The numerous environmental impacts on the eel include aspects related to its position in the ecosystem (as predator, and as prey), but the most worrying effects are related to its complex lifestyle and its vulnerability to barriers to migration, as well as to parasites and disease, to bio-accumulation of chemical contaminants that disrupt biological functions, and to changes to water quantity and quality brought about directly through industrial and agricultural developments or through the effects of climate change (including North Atlantic Oscillation and El Niño effects; e.g. the paper by Kim and his co-authors). Presentations were given that began to describe and quantify many of these issues, but it is clear that it is still not possible to apportion blame for the decline in any meaningful way.

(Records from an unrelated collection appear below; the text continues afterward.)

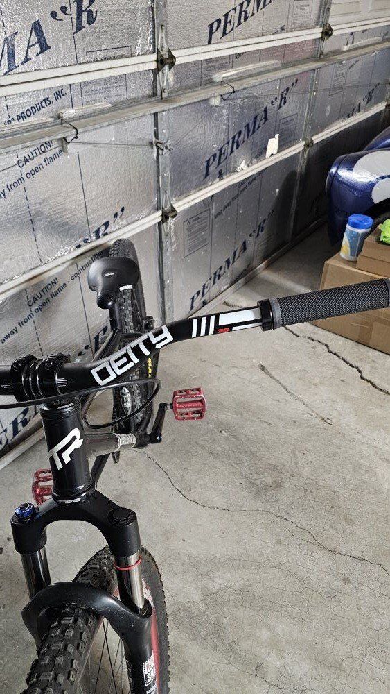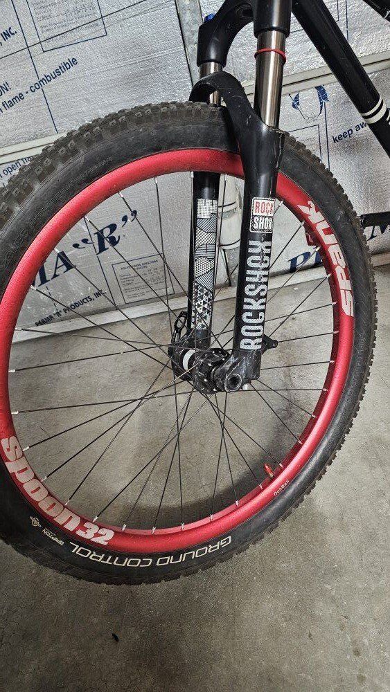 This dirt jumper has been a Great bike! -Just put on new deity bars and stem. (comes with a second set of deity bars and stem) -spank spoon front wheel -Adjustable rock shock front fork\
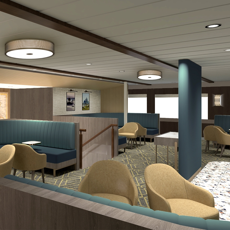 FerryDFDS' two ferries, COTE D'ALBATRE and SEVEN SISTERS, on the Newhaven-Dieppe route, are undergoing refurbishments, and some early renderings have now been released.
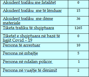 Në raportin 24 orësh, thuhet se brenda 24 orëve kanë ndodhur 36 aksidente trafiku me dëme materiale dhe 25 aksidente trafiku me të lënduar.
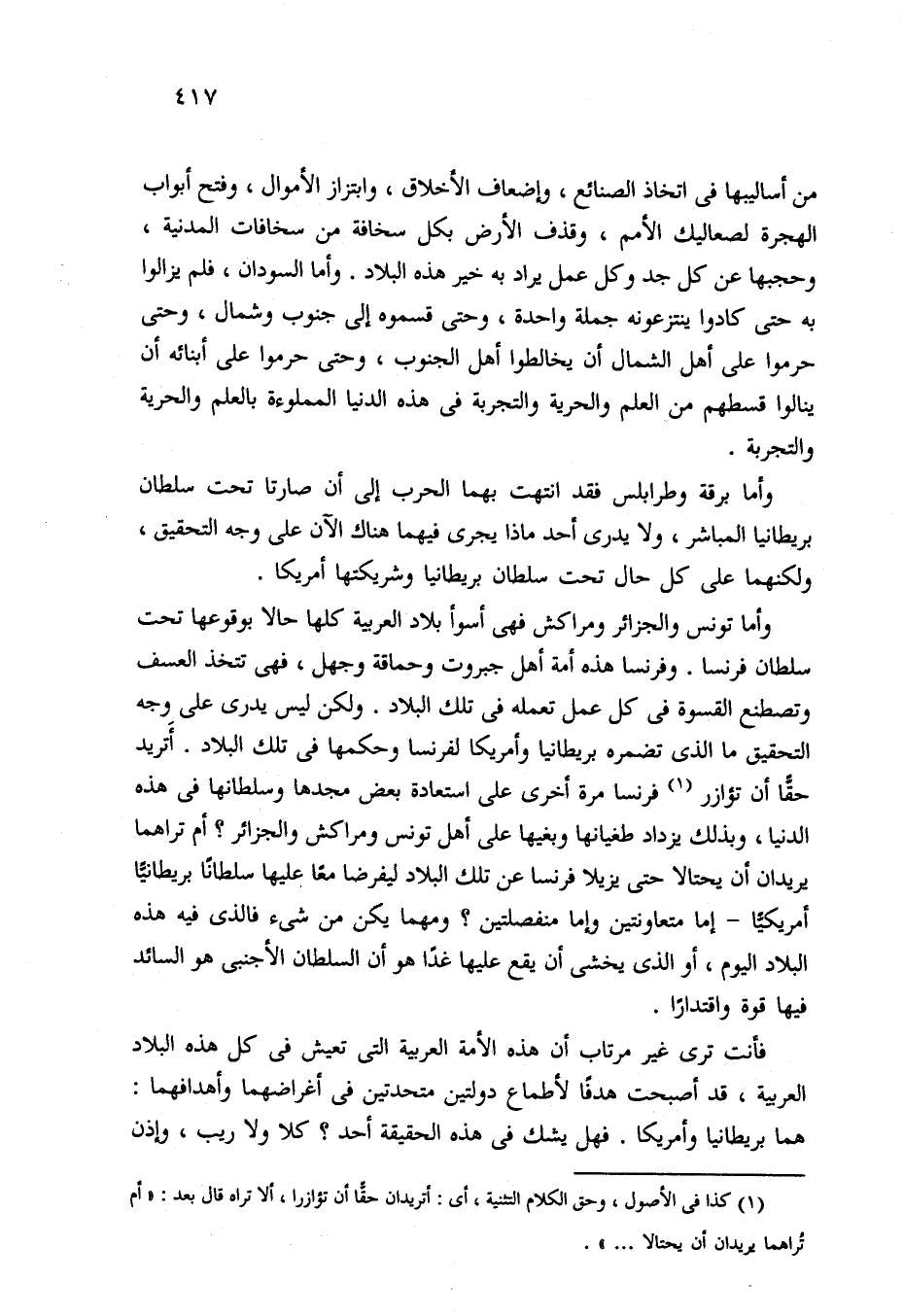 وأما تونس والجزائر ومراكش فهي أسوأ بلاد العربية كلها حالا بوقوعها تحت سلطان فرنسا. وفرنسا هذه أمة أهل جبروت وحماقة وجهل، فهي تتخذ العسف وتصطنع القسوة في كل عمل تعمله في تلك البلاد. ولكن ليس يدرى على وجه التحقيق ما الذي تضمره بريطانيا وأمريكا لفرنسا وحكمها في تلك البلاد. أَتريد حقًّا أن تؤازر (¬1) فرنسا مرة أخرى على استعادة بعض مجدها وسلطانها في هذه الدنيا، وبذلك يزداد طغيانها وبغيها على أهل تونس ومراكش والجزائر؟ أم تراهما يريدان أن يحتالا حتى يزيلا فرنسا عن تلك البلاد ليفرضا معًا عليها سلطانًا بريطانيًّا أمريكيًّا - إما متعاونتين وإما منفصلتين؟ ومهما يكن من شيء فالذي فيه هذه البلاد اليوم، أو الذي يخشى أن يقع عليها غدًا هو أن السلطان الأجنبى هو السائد فيها قوة واقتدارًا.
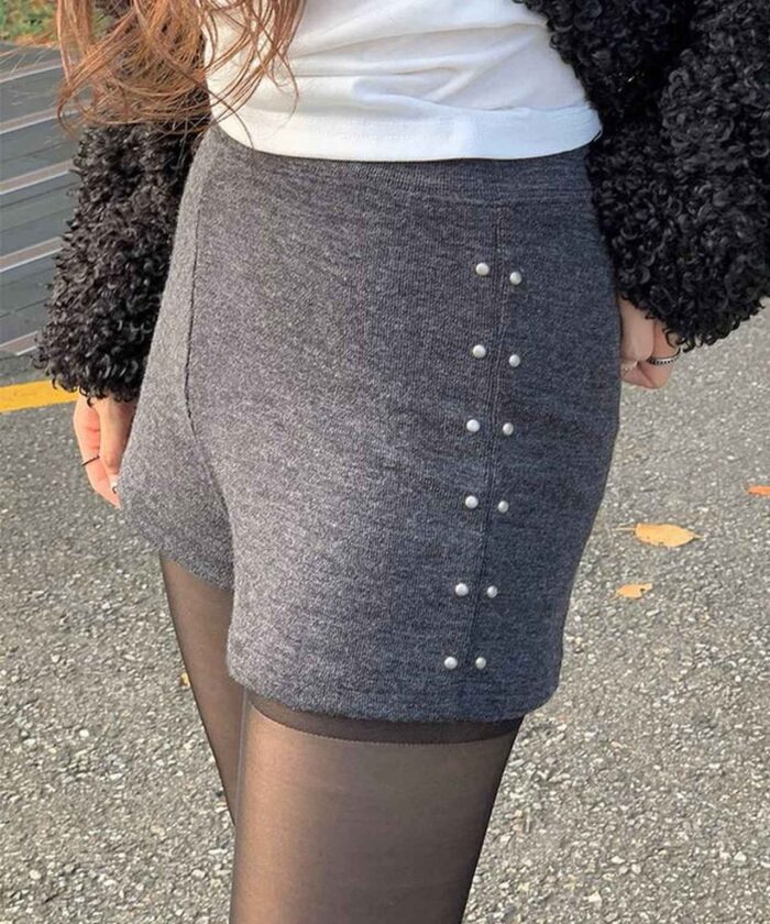 ダークグレーのニットパンツはベーシックなジャストフィットタイプ。ハイゲージニットでキレイに穿くことができ、立体感をもたらす杢調グレーとサイドに施されたミニパールがアクセント。ふわもこなボアジャケットにニットのショートパンツスタイルで重軽のバランスもばっちり。足もとはシアータイツにスエードのレースアップブーツを合わせて質感たっぷりな冬コーデに。
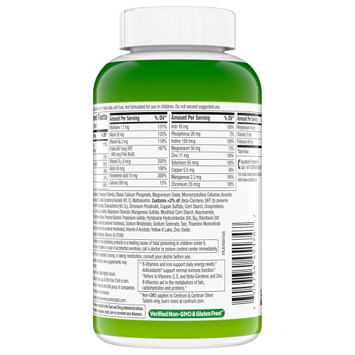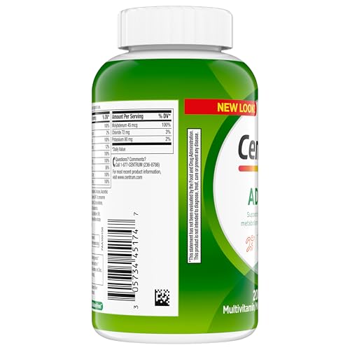 Details: Centrum Adult Multivitamin is a complete multivitamin/multimineral supplement formulated for adults. This daily multivitamin for adults contains 23 micronutrients, including Vitamin D3. These adult vitamins also contain B Vitamins and iron to help support daily energy levels and assist with the metabolism of macronutrients, and antioxidant Vitamins C and E, and zinc for immune support (1). Centrum adult multivitamins contain 100 percent or more of the daily value of iron, Vitamin D3 and Vitamin B12. These multivitamins for adults are also Non-GMO (2) and gluten free vitamins to appeal to a variety of dietary needs. These vitamin tablets feature a smooth coating that makes them easy to swallow. With 200 multivitamin tablets per bottle, it's easy to maintain your overall health by taking one of these vitamins for men and women daily with food (1). Help support full body wellness (1) with Centrum multivitamins, the #1 doctor and pharmacist recommended brand. (1) These statements have not been evaluated by the Food and Drug Administration. This product is not intended to diagnose, treat, cure or prevent any disease. (2) Non-GMO applies to Centrum and Centrum Silver tablets only; learn more at Centrum's official website.
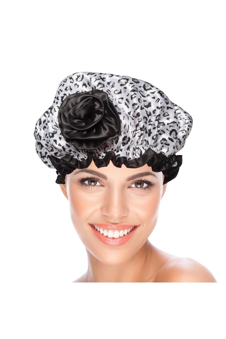 The BeautyPRO Cheetah Shower Cap makes a stylish statement. The ruched satin design features a waterproof lining to keep hair protected. Generous one size fits all, including long or thick hair. Antibacterial shower cap for optimal hygiene.
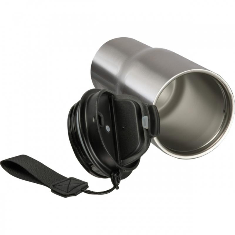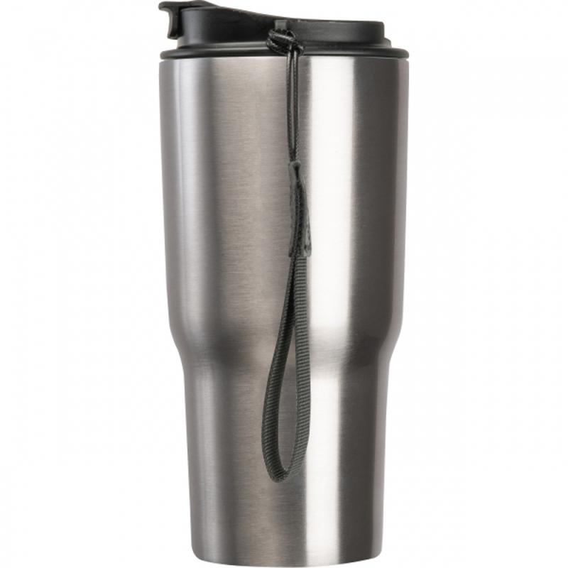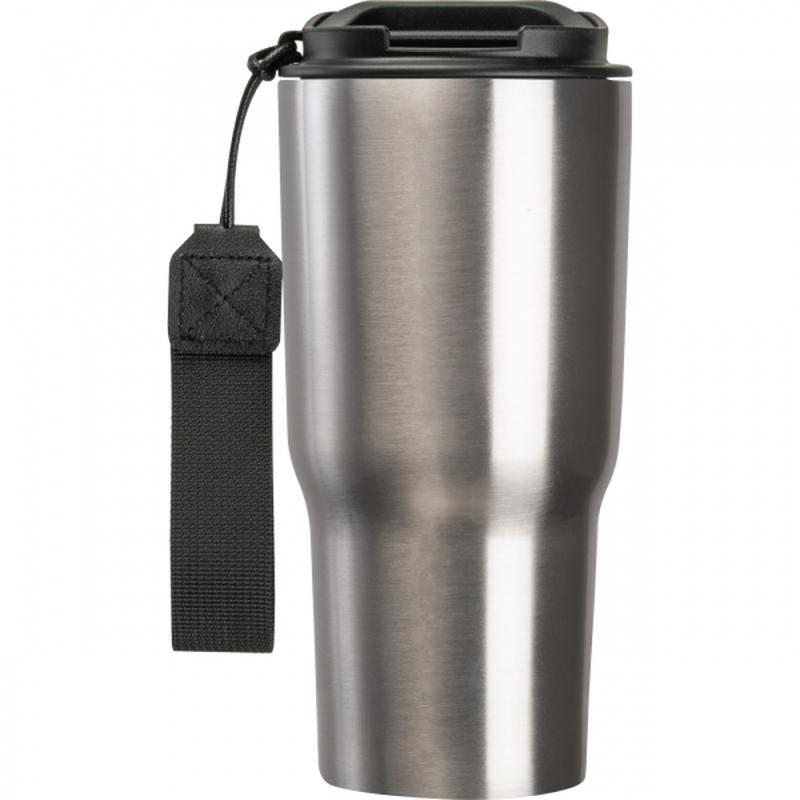 Kubek termiczny, wykonany ze stali nierdzewnej z recyklingu, z podwójnymi ściankami, o pojemności 550 ml. Kubek posiada praktyczny pasek do przenoszenia.

Several speakers stressed the important role that density-dependent regulation plays in eel population dynamics, possibly in both oceanic (depensatory) and continental (compensatory) phases (papers by Åström and by Aprahamian and their co-authors), but quantification of these crucial processes requires further investigation. Mitigation measures, such as fish passes for upstream migration and re-stocking with glass eels or elvers were discussed (e.g. the paper first-authored by Beaulaton), together with the potential for efficient deflection schemes at hydropower stations, tuned to river runs and peaks in silver eel migrations (papers by Jansen and by Winter and their co-authors). Apart from being a victim of environmental pollution, the eel has also been proposed as a useful bio-indicator of lipophilic pollutants, because water-phase concentrations below detection levels accumulate in the eel's fatty tissues and provide a good opportunity for monitoring (see the paper by Belpaire and his co-author).

Several of the presentations described new work on the movement and migratory behaviour of eels, through direct observation of glass eels in estuaries (e.g. the paper by Bult and his associates), the use of telemetry and data storage tags with silver eels (see the paper by Westerberg and his co-workers), and examination of environmental "signatures" in otolith chemistry, using Sr:Ca, for example (although no papers on this topic are published here). The presentations promised scope for new insights into population dynamics and stock assessments (including estimates of silver eel escapement), bottlenecks in production, and remedial measures. Additionally, otolith analysis permitted discrimination of natural recruits from trapped and transported animals, and the application of genetics in management was discussed by Maes and his associates.

The general conclusion was that the ICES Theme Session on eels achieved its goal in raising the profile of the multitude of issues surrounding the sustainability of the European eel (as a species, if not as an exploitable resource), informed those tasked with developing national management plans for stock recovery, and established personal and professional links between scientists working in many different disciplines and over a number of continents. We hope that the papers following this brief Introduction provide ample evidence of this.